Evans v. Caldwell

Luke, J.

Mack Caldwell, by next friend, brought an action against W. E. Evans, by guardian ad litem, in the superior court of Whitfield county, to recover damages for alleged personal injuries sustained as the result of the negligent operation of an automobile, in which the plaintiff was riding as a self-invited guest. Exception is taken to the judgment overruling the demurrer to the petition. A verdict and judgment were rendered for the plaintiff. Defendant’s motion for a new trial was denied, and exception taken. Since the grounds of demurrer and the 'general grounds of the motion for a new trial raise substantially the same questions, these have been considered together.

It is urged by counsel for the defendant that the plaintiff had no valid cause of action, and was not entitled to a recovery in this case, for the reason that the defendant’s self-invited guest, on the fateful automobile ride described in the petition, (for whose safety defendant was under the legal duty to exercise only slight care) was fully aware that the defendant, while operating the automobile, “was intoxicated and that he had poor muscular control over himself;” that he was aware that the defendant was operating the automobile at a grossly excessive rate of speed and was unable to control the car properly; that, being fearful of his own safety, plaintiff requested defendant to permit him to do the driving; that after a temporary stop on the way, where both got out of the car for a brief period of time, plaintiff, to use his own words, “took a chance on *194W. E. [the defendant] being able to make it,” and, reckless of his own safety, resumed his place in the car while relying on defendant's promise to drive more carefully; and that, subsequently, the defendant rammed the car into a guard-fence of a bridge, completely wrecking the ear, and seriously injuring the plaintiff. While it is true that the petition alleges that the defendant “was intoxicated and had poor muscular control over himself,” it does not affirmatively appear from any allegations of the petition, nor from the evidence adduced upon the trial, that he was intoxicated to a degree that rendered him incapable of operating or controlling the automobile properly. Moreover, there are allegations of the petition “that the defendant driver learned before he left Dalton that a girl, Miss Bonnie Jernegan, with whom he had been keeping company, had left Dalton going to the same social gathering sometime before the defendant and Mack Caldwell left Dalton, and, as they proceeded along the road at said high and dangerous rate of speed, said defendant talked of nothing except about his girl going to Eesaca with another boy, and seemed to be mad, and possessed of a determined self-will that would not yield to entreaties, and acted as if he was trying to catch said third parties.”

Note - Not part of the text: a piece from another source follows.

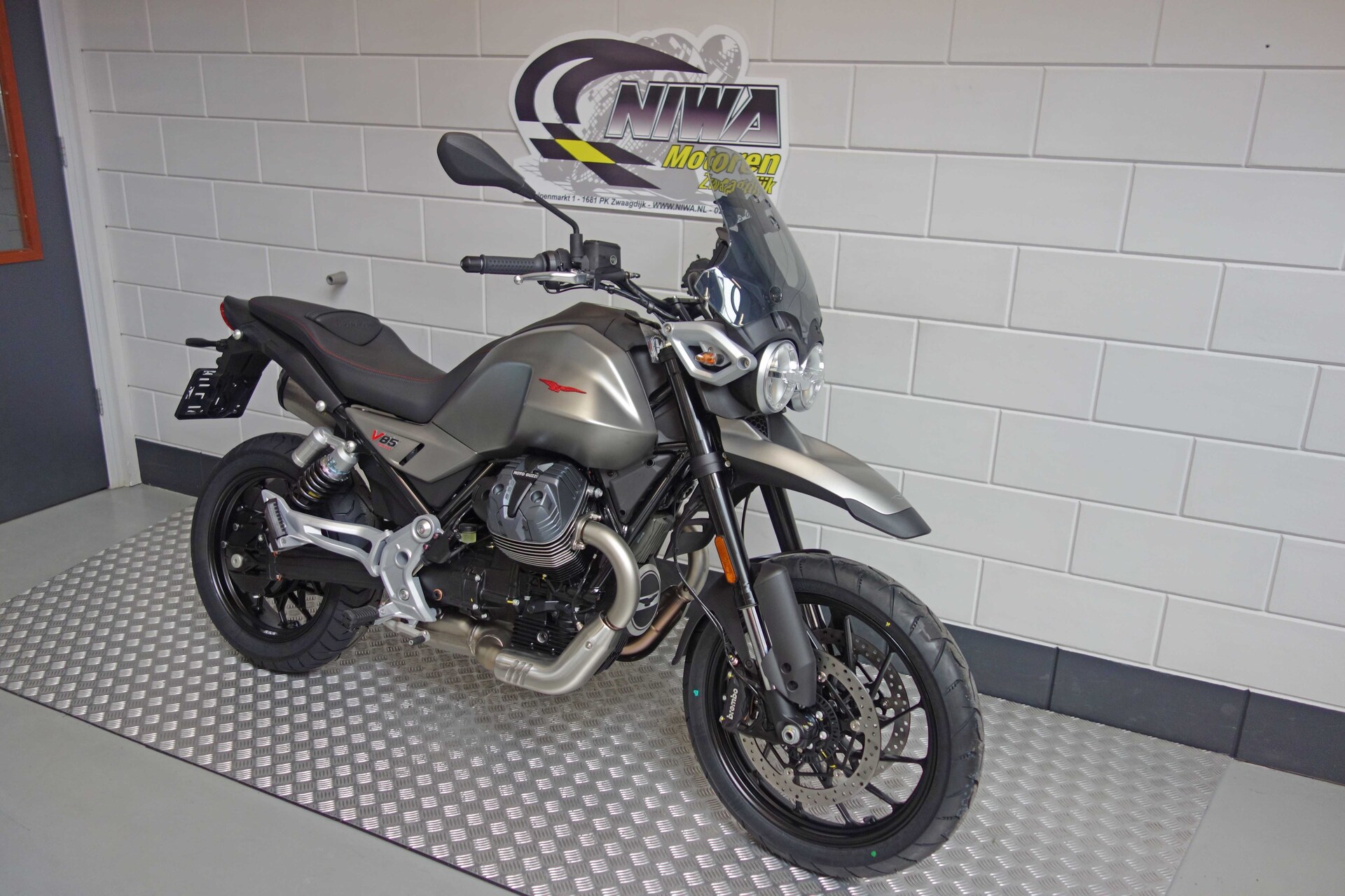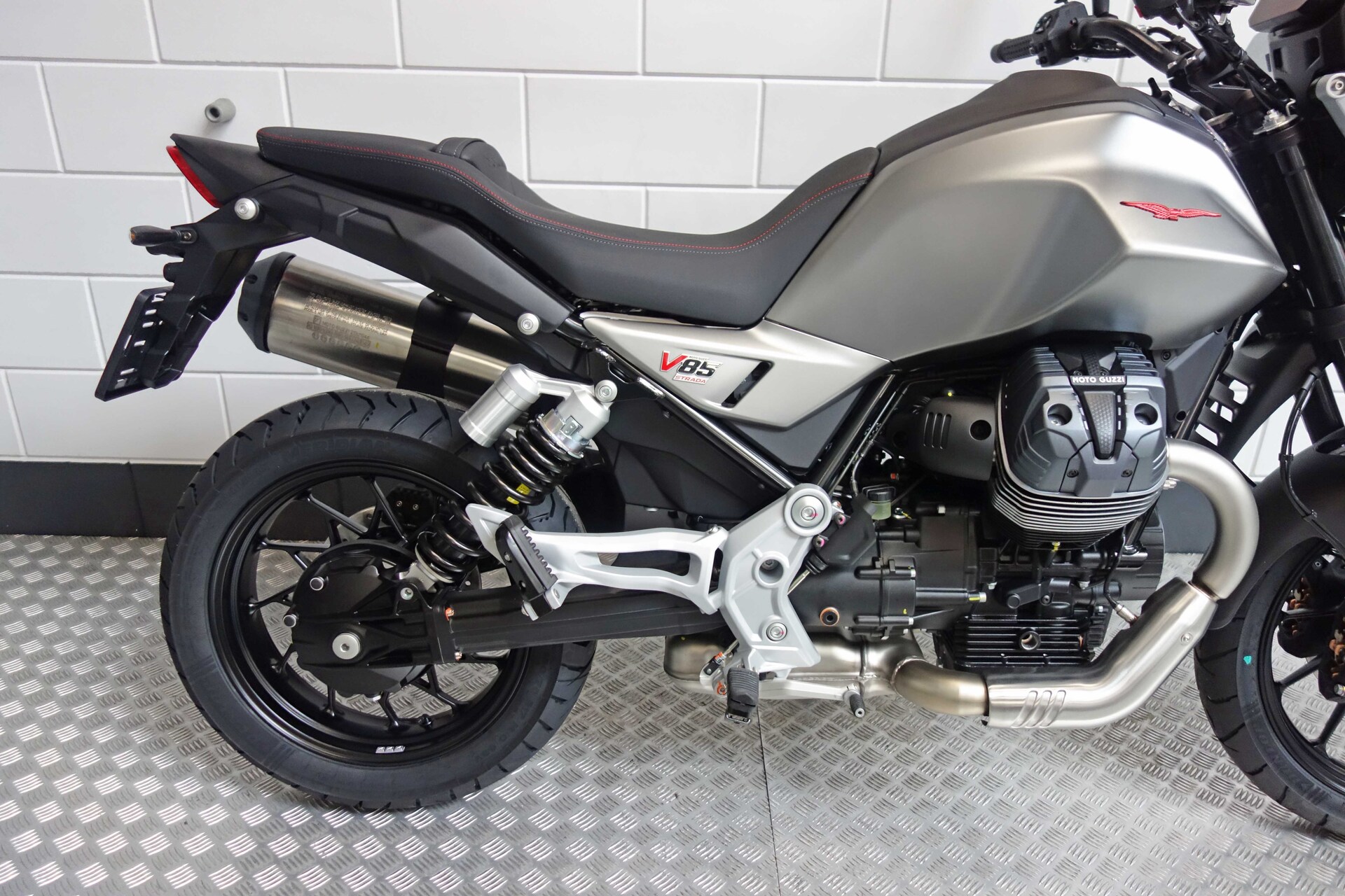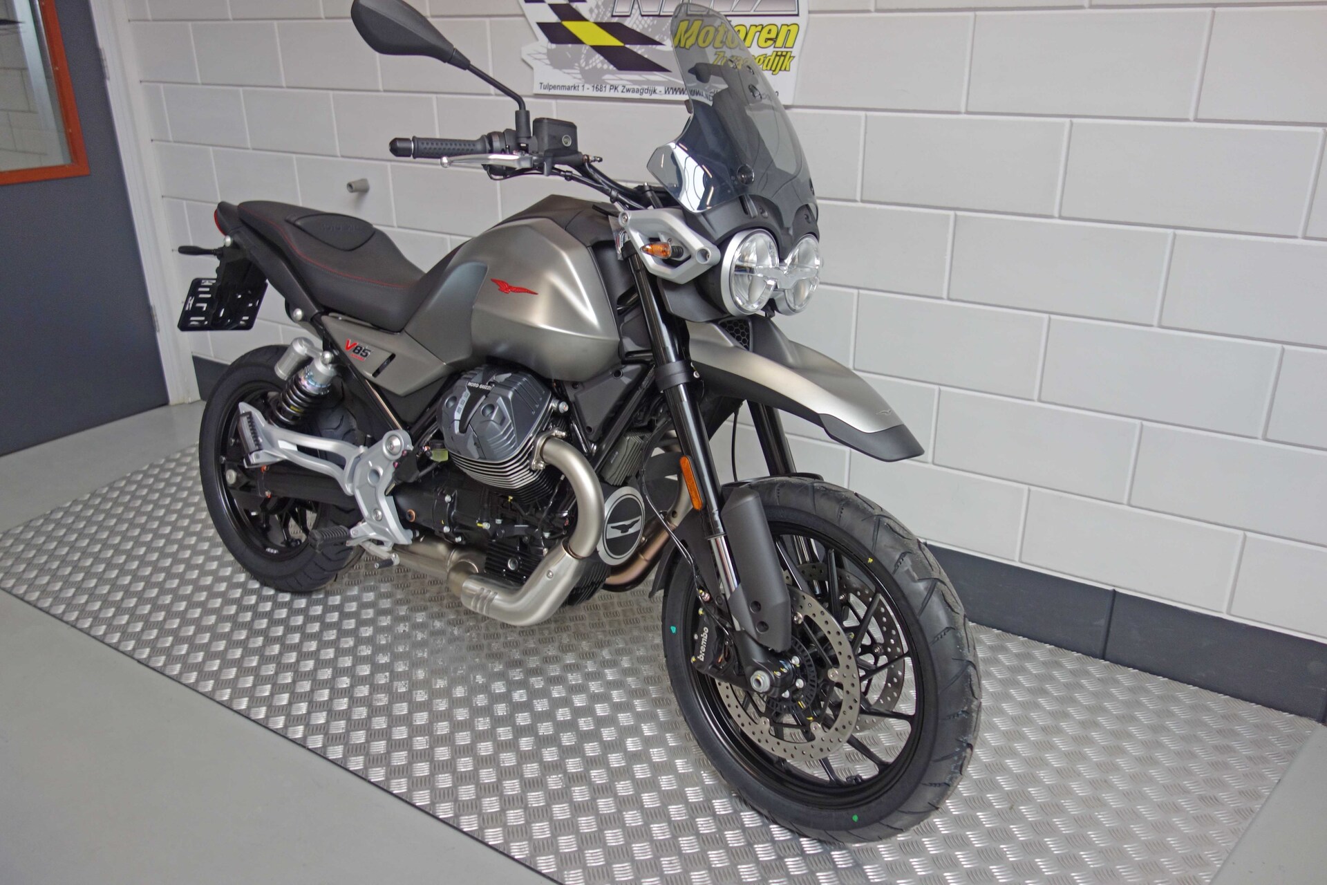 Nu tijdelijk met twee jaar extra fabrieksgarantie!Het gaat hier om de nieuwe model Moto Guzzi V85 StradaDe iconische en direct herkenbare styling van de Moto Guzzi V85 evolueert, deze keer met een meer eigentijdse interpretatie, waarbij talloze details zijn verfijnd die de authentieke charme van het oorspronkelijke model behouden.De steunen van de koplampen en het instrumentenpaneel zijn nu van gegoten aluminium, in plaats van de stalen buizen van de vorige generatie, waardoor de topkuip een sportievere en dynamischere uitstraling krijgt. De nieuw ontwikkelde handgreep achter (aangeboden als accessoire voor de V85 Strada) is ook van aluminium. Deze stijlvolle keuze draagt bij aan het verbeterde comfort en de ergonomie voor de passagier. De brandstoftank is een van de bepalende elementen van de V85 line-up, met zijn fraaie vormen die nu nog robuuster en dynamischer ogen. De tweecilindermotor heeft nieuwe cilinderdeksels, waarvan het ontwerp de technische upgrades van de motor benadrukt. De motor voldoet aan de nieuwe Euro 5+ emissievoorschriften en heeft veel inspanningen ondergaan om het vermogen te verhogen en de gasrespons – en dus het koppel – bij lage toerentallen te verbeteren. Dit is bereikt dankzij de toepassing van variabele kleptiming en klopsensoren. Het resultaat is een hoger maximumkoppel – 83 Nm bij 5.100 t/min – en meer vermogen – 80 pk bij 7.750 t/min – evenals meer rijplezier en een betere gasrespons, die meer flexibiliteit biedt bij lage toerentallen en hoge versnellingen. De injectie maakt gebruik van een enkelvoudig 52 mm gasklephuis, terwijl de Ride-by-Wire gasklepregeling met meerdere dimensies, een oplossing die een nauwkeurige regeling van de opening van de gasklep mogelijk maakt, niet alleen de algehele efficiëntie optimaliseert voor een soepele, rijke vermogensafgifte, maar ook het brandstofverbruik verlaagt.The De Moto Guzzi V85 Strada is de perfecte ‘praktische machine’, die uitblinkt in dagelijkse stadsritten en excursies op zowel stadswegen als buiten de stad. Hij wordt gekenmerkt door een minimalistische, elegante en kenmerkende styling, waarbij de achterkant slank en gestroomlijnd is, zonder handgrepen, en zonder de typische beschermplaat en handkappen van enduro motoren (nog steeds verkrijgbaar als accessoire). De uitrusting is ook voorzien van nieuwe aluminium spaakwielen die lichter en wendbaarder zijn, wat een positief effect heeft op het rijgedrag. De Moto Guzzi V85 Strada weegt 4 kg minder dan de V85 TT versie. Het weggerichte ontwerp wordt verder benadrukt door het lage spatbord op het voorwiel en de stijlvolle kleuren Nero Isola en Grigio Brera.
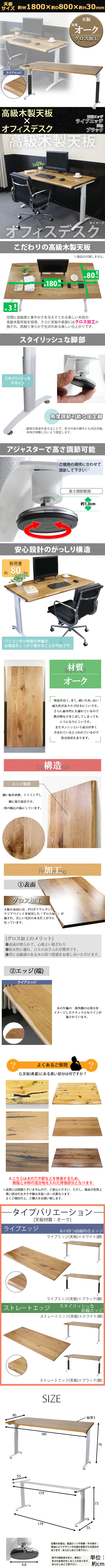 | 商品名 | 送料無料 オフィスデスク デスク 約W180×約D80×約H76 約W1800×約D800×約H760 オーク材 高級 木製 天板 グロス加工 耐荷重約80kg(脚部) 平机 ワークデスク 事務机 パソコンデスク PCデスク 事務デスク オフィステーブル オフィス家具 会社 事務所 会議用 ライブエッジ 脚色 ブラック t016180oakg |

Defendant in his answer and on the witness stand in his own behalf denied intoxication on his part; and plaintiff himself on the stand was content to minimize the charge of intoxication with the rather mild suggestion that, “I kinder thought he might have had a drink,” and “I noticed that he seemed to have had something to drink,” and “I thought he had something to drink.” But plaintiff testified also, after relating other pertinent facts: “I asked him to slow down, and if he didn't he would wreck the car, and he said he didn't give a damn if he did. I don’t know what seemed to be the matter with him, without it was his girl.” Of course the questions arising are: Was defendant guilty of gross negligence proximately causing plaintiff’s injuries ? Did the plaintiff, in the circumstances, exercise ordinary care to avoid the consequences of defendant’s gross negligence? We cannot say that the facts upon which the answers to these questions must be based so unequivocally appear, either from the petition or from the evidence, as to render it the plain duty of this court to award the defendant a new trial. Indeed, there is much that in reason has been urged by counsel on both sides of these questions, and it is precisely because these ques*195tions are so debatable in such cases that, under our law, the jury has the sole right to determine them.

There are six special grounds with numerous subdivisions of the motion for a new trial; five of them criticizing certain portions of the court’s charge or complaining of the failure of the court to charge the law in certain particulars; and the sixth challenging the verdict on the ground that it is so excessive as to indicate prejudice on the part of the jury. None of these assignments are very impressive. In some instances they are inconsequential. Others are incomplete under the rules laid down in the decisions of our courts, and in others, where the court’s, failure to charge is involved, because no request for more specific instructions was submitted; and as to the last ground, because the evidence indicated plainly that the plaintiff was seriously and permanently injured, and the assignment does not show why or how the jury was prejudiced.

From the foregoing considerations it follows that we are of the opinion that the defendant’s demurrer was properly overruled; and that the motion for a new trial was properly denied.

Judgment affirmed.

Broyles, C. J., concurs. Bloodworth, J., absent on account of illness.